=== DATA EXTRACT ===

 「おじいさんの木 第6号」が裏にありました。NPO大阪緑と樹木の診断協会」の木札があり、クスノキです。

===
=== DATA EXTRACT ===

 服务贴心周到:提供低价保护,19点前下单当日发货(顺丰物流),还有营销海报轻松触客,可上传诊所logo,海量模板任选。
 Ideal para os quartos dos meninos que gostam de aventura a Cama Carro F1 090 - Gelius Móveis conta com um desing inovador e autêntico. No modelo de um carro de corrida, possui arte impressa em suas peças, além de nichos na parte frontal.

===
=== DATA EXTRACT ===

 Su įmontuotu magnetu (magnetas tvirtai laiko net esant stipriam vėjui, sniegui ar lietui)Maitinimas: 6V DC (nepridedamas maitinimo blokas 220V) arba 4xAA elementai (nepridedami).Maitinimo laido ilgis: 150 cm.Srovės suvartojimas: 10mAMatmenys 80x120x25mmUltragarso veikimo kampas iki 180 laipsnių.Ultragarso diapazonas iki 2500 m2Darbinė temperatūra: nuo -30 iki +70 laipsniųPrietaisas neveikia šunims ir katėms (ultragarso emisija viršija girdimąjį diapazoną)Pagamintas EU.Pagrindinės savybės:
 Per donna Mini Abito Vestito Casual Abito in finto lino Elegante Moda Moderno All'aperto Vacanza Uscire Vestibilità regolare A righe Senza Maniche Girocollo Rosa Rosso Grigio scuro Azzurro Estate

===

▸ TASK ITEM
Return a word-for-word copy of the lines above from the one holding "服务贴心周到:提供低价保护,19点前下单" through the one holding "Ideal para os", with both of them included and nothing besides.

▸ WRITTEN SOLUTION
 服务贴心周到:提供低价保护,19点前下单当日发货(顺丰物流),还有营销海报轻松触客,可上传诊所logo,海量模板任选。
 Ideal para os quartos dos meninos que gostam de aventura a Cama Carro F1 090 - Gelius Móveis conta com um desing inovador e autêntico. No modelo de um carro de corrida, possui arte impressa em suas peças, além de nichos na parte frontal.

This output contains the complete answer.